First — gluten-free food isn’t always expensive.

Gluten-free processed food is expensive.
There’s a difference.

Most of what I eat is naturally gluten free. Dinner last night was shelled edamame, cucumber, homemade air-fryer chicken nuggets, crispy rice, avocado, and a sauce made with sweet chili sauce, mayonnaise, gluten-free soy sauce, and a little water.

The only specialty items I bought were gluten-free panko, soy sauce, and sweet chili sauce. Everything else was naturally gluten free. The whole meal took under 30 minutes and probably cost less than $2.50 a serving.

Now — I also bought a gluten-free frozen pizza this week that cost three times more than a questionable gluten pizza. So yes, I buy processed gluten-free foods too. I just don’t build my entire diet around them.

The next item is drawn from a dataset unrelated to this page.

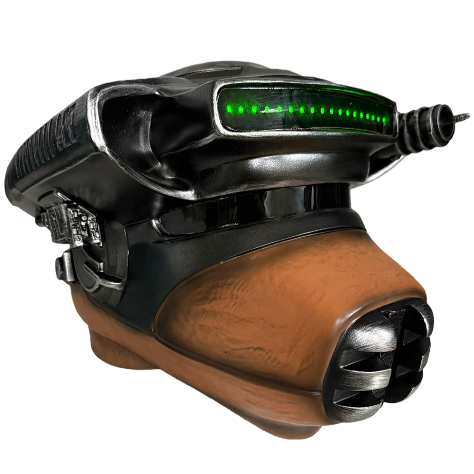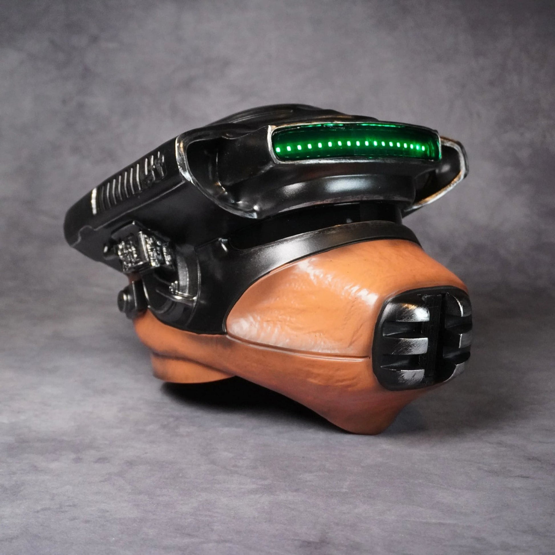 Each helmet is individually painted and weathered by hand, giving it an authentic, lived-in appearance worthy of a galaxy-far-far-away bounty hunter.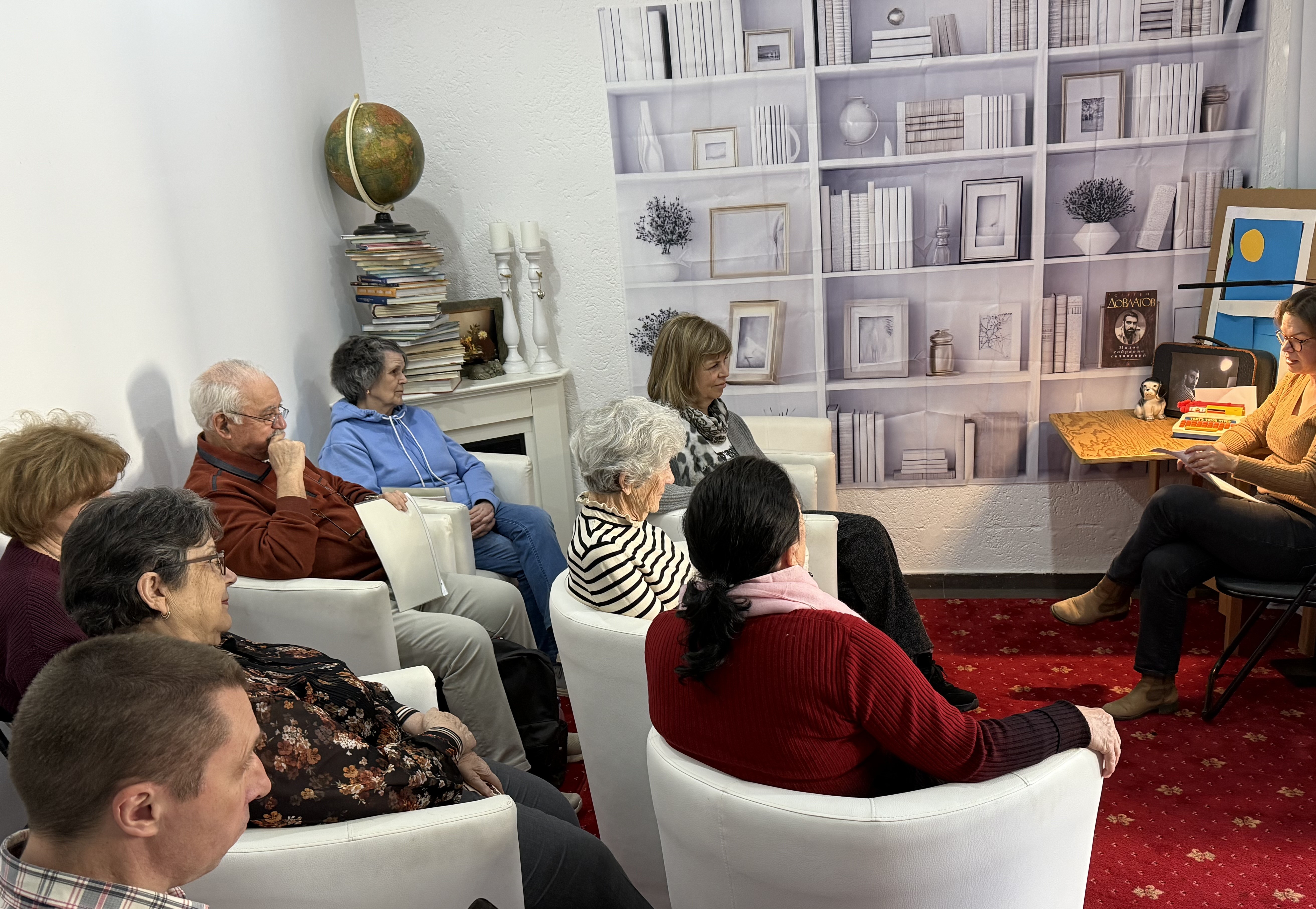 Тема встречи так и называлась: «Страничка у Довлатова». Послушать отрывки из произведений писателя., которые читали собравшиеся, оказалось очень интерсной организационной находкой. Выбранные отрывки увлекали слушателей разнообразностью направлений. И это отражалось на смене настроя слушателей, заставляло вновь переосмысливать часто знакомые уже строки, узнавать новые, ещё не читанные у этого автора.

Second — I cannot fix food insecurity, especially in the celiac community.

Food insecurity is real and awful. In Atlanta, about 1 in 5 school-aged children experience it. In a country as wealthy as ours, kids going to bed hungry should bother all of us.

I advocate, volunteer, donate, and when I meet with food organizations, I push hard for awareness of food allergies. I do my part. But I don’t live every part of my life online, and I don’t have to defend my entire existence because someone wants an argument in a comment section.

Third — disagreement is fine. Cruelty is not.

We don’t talk enough about what living gluten free actually looks like in a modern world. It’s complicated. It can be isolating. It can be exhausting. We should be able to discuss it.

But name-calling, belittling, or intentionally inflammatory comments won’t stay up. And discussions claiming glyphosate caused celiac or that celiac disease isn’t real will get you removed. I’m not hosting that debate here.

And finally…

Yes, celiac disease can suck.
But the treatment is still a gluten-free diet.

I can spend my life miserable about it, or I can adapt.

I can learn to cook the foods I miss. I can find gluten-free versions of almost anything I want. Is it exactly the same as before? No.

But the longer you live this way, the less you actually miss it — and sometimes we remember old foods a lot more fondly than they really were.

So that’s what’s been on my mind today.

Thanks for letting me process out loud.